Why can't people understand this (covid protocols and policies vs reality)

Cue Vietnam, Thailand, Uruguay.

Are you just listing places that have decent covid numbers? Don’t forget most of Africa. What I was talking about was Little_Nemo’s perfect plan and how possible it would have been to implement. Mongolia was similar to New Zealand with an early hard shutdown/travel ban.

Looking at that stringency ranking website: oddly enough Uruguay stands out as one of the least stringent in South America, fwiw.

I have no idea what you’re asking here. Yes, things are getting worse in Germany, but not nearly as bad as the US. They’re getting worse in most places, because even if one country gets it under control, people travel there from other, more idiotic, countries. As someone mentioned someplace here, it’s like having a peeing section in the pool.

Anyway, whatever it is your asking can probably be answered by a Google search done by you.

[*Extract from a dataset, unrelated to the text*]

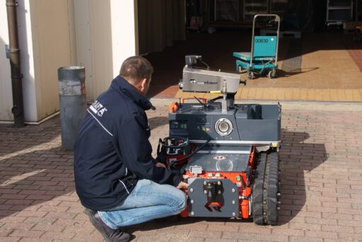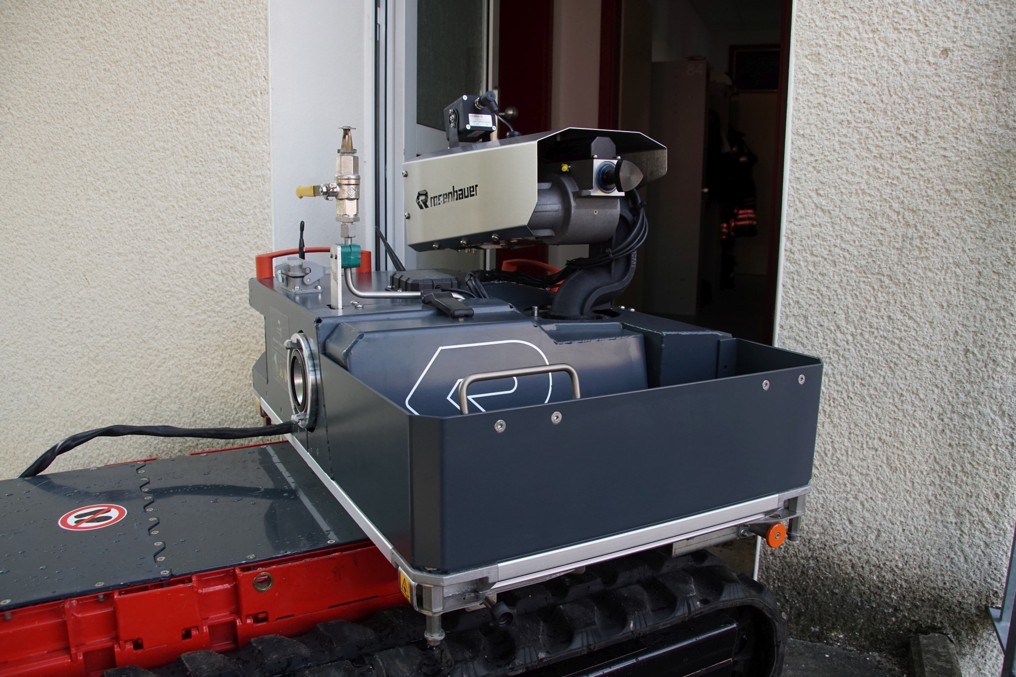 Gesteuert wird der kleine „Wall-E“ mit einem Bedienteil. In den nächsten Wochen werden die Einsatzkräfte noch ausgiebig in deren Handhabung geschult.
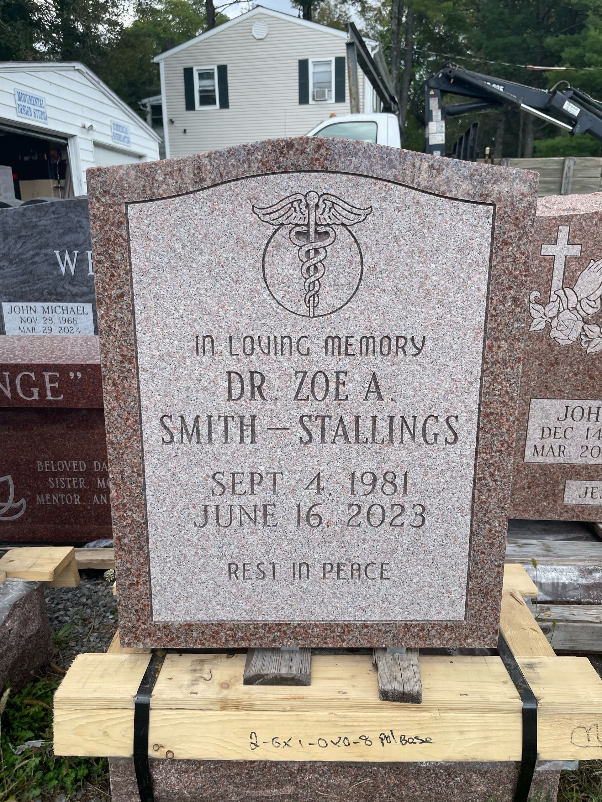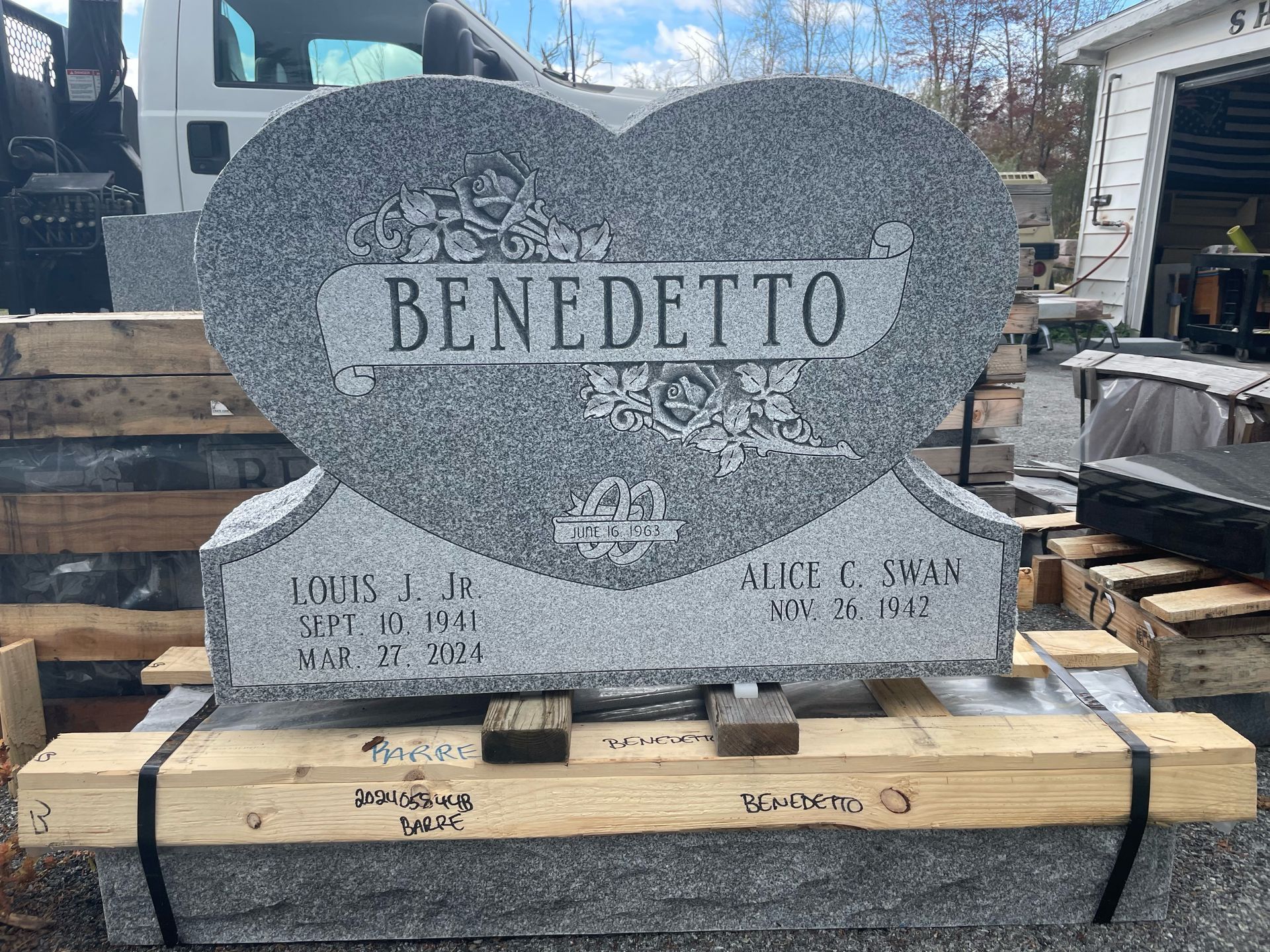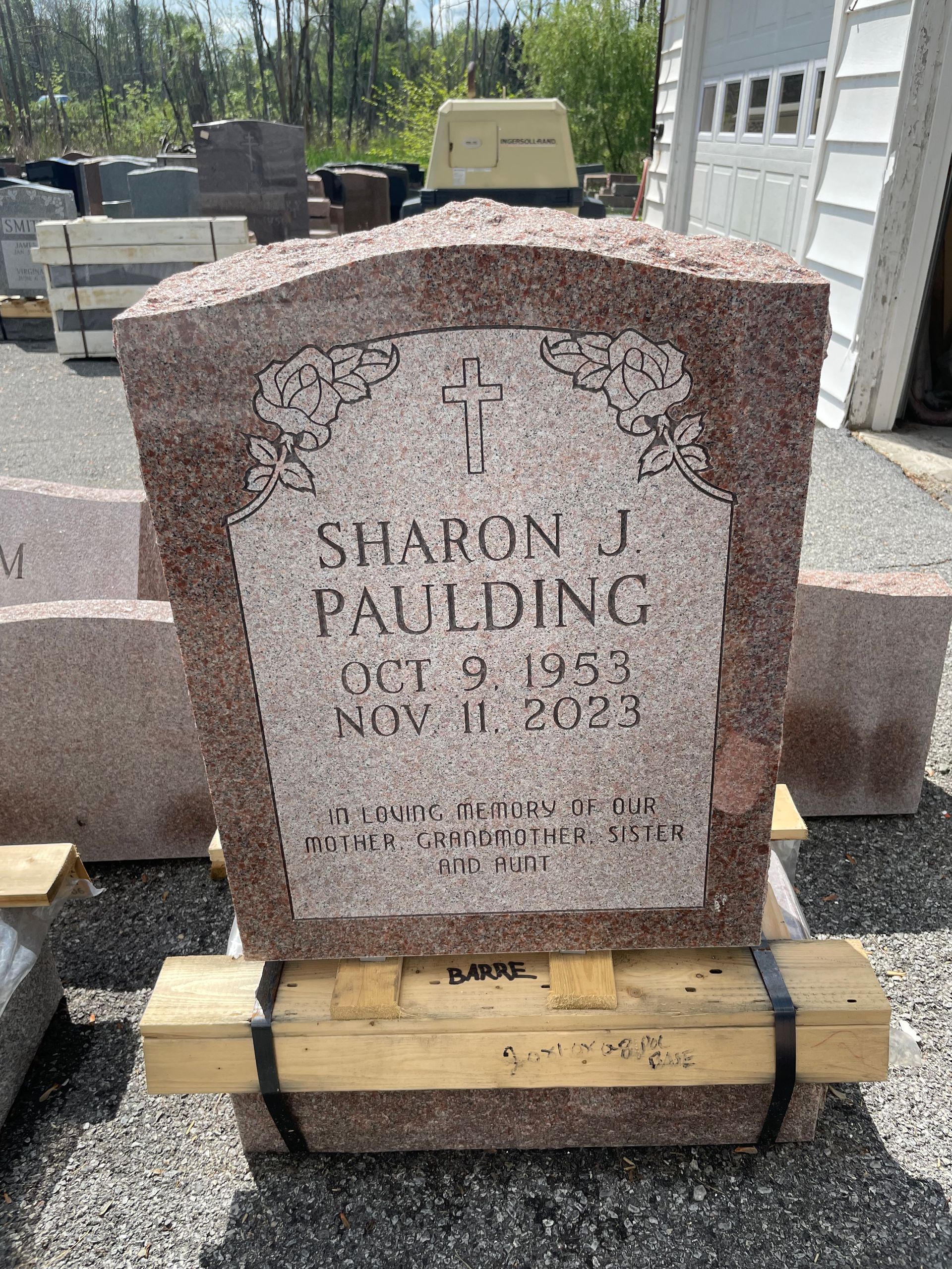 I went right down to see the headstone as soon as I received your telephone message. It is beautiful, the picture came out great, the polish around the border and back is terrific, and the hammer is fabulous... EVERYTHING about it I like so much. Again, thank you so much for all your help. Especially thank you for your patience and perserverance in getting the foundation done and ultimately the stone placed. I will highly recommend Barre Memorials, and you specifically Rachelle, to people. You made a very difficult task, bearable for me. Professional, yet personal. It's a wonderful combination and again, I appreciate it.

Germany recorded 1200+ deaths a few days ago. Germany has about one-fourth the population of the US. If you multiply 1200+ by four, you get a number close to 5000. The number 5000 does not rate favorably compared to US daily death rates.

Now, Germany has of course not experienced numbers like that for any length of time, as the US has. At least not yet. But the shape of their curve does not look good. It does not look good at all.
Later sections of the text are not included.